Verkenning subsidieregelingen
Bij het aanvragen van subsidies voor projecten of voor meerjarige exploitatiesubsidies is “matching” een belangrijk onderdeel. Welke andere subsidiënt matcht ook? “Wat zijn de eigen inkomsten, wat zijn de bedragen die bij andere subsidiënten aangevraagd worden en wat zijn de onderliggende verhoudingen?”, vraagt de potentiële subsidiegever zich af als een subsidieaanvraag beoordeeld moet worden. Je zou zeggen: waarom overleggen die subsidiënten niet even met elkaar over subsidieaanvragen?
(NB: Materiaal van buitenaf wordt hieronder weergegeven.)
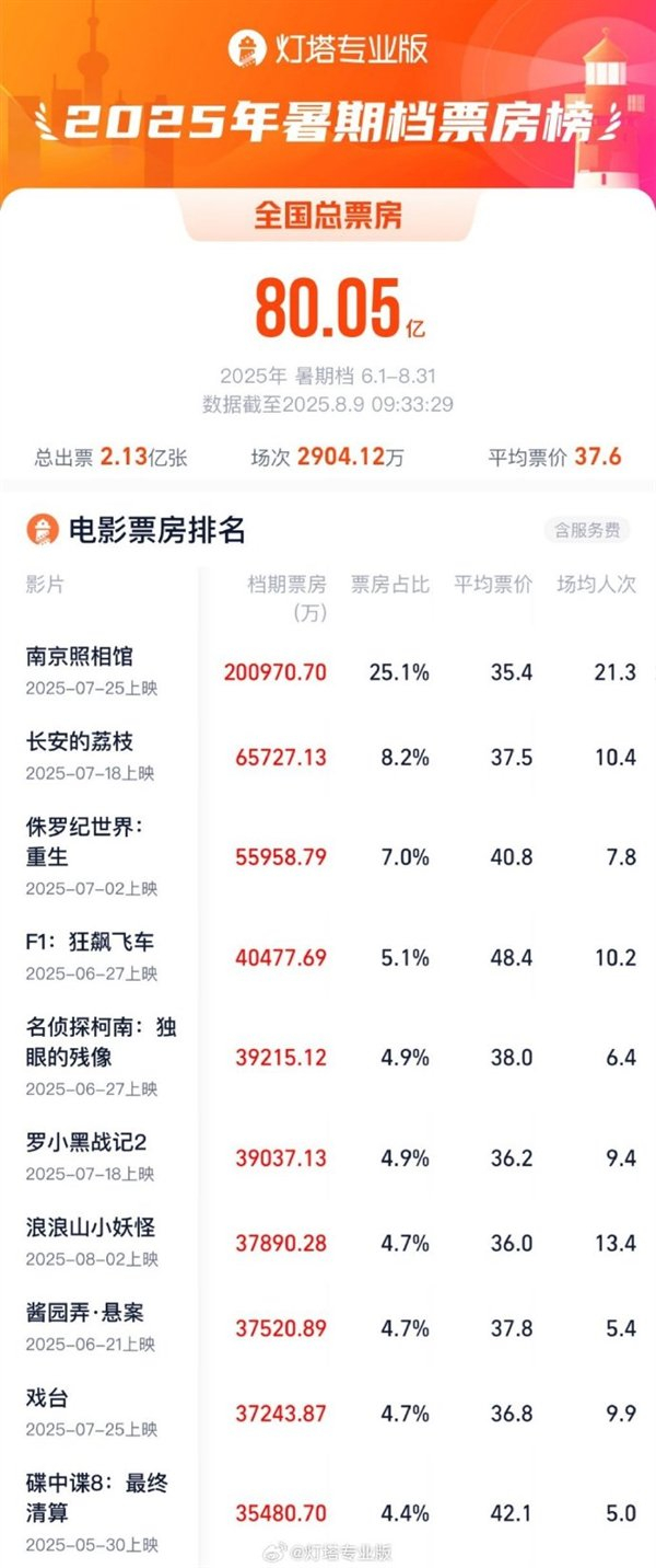 快科技8月9日消息,据灯塔专业版,截至今天9点33分,2025年暑期档(6月-8月)总票房(含预售)突破80亿!

Maar dat is nog niet zo gemakkelijk. Er zijn eigen specifieke doelstellingen, er zijn deadlines die overlappen, er zijn procedures die in subsidieregelingen zijn vastgelegd en men wil de subsidieaanvraag neutraal kunnen beoordelen.
Wel is er een toenemende vraag naar afstemming van subsidies. Dat heeft geleid tot een landelijke discussie over de Stedelijke Regio in het culturele bestel. De Raad voor Cultuur heeft aan het Ministerie van OCW geadviseerd om bij de verdeling van geld meer rekening te houden met de plannen van de stedelijke regio’s. Kunst van Brabant, de vereniging van culturele organisaties in Noord-Brabant, denkt graag mee over de vraag of Noord-Brabant meer regionaal zou moeten opereren en zo ja hoe.
Maar welke subsidieregelingen cultuur kent Noord-Brabant eigenlijk op hoofdlijnen? Dat was de vraag die bij mij terecht kwam omdat niemand een overzicht heeft. In opdracht van de vereniging verkende ik de subsidieregelingen van de B5 (Eindhoven, Tilburg, Breda, Den Bosch en Helmond), de twee grootste subsidiefondsen in de regio (BKKC en Brabant C fonds), de provincie zelf en een klein aantal middelgrote gemeenten. Met deze verkenning als onderlegger kan Kunst van Brabant het gesprek met de regionale stakeholders aan gaan.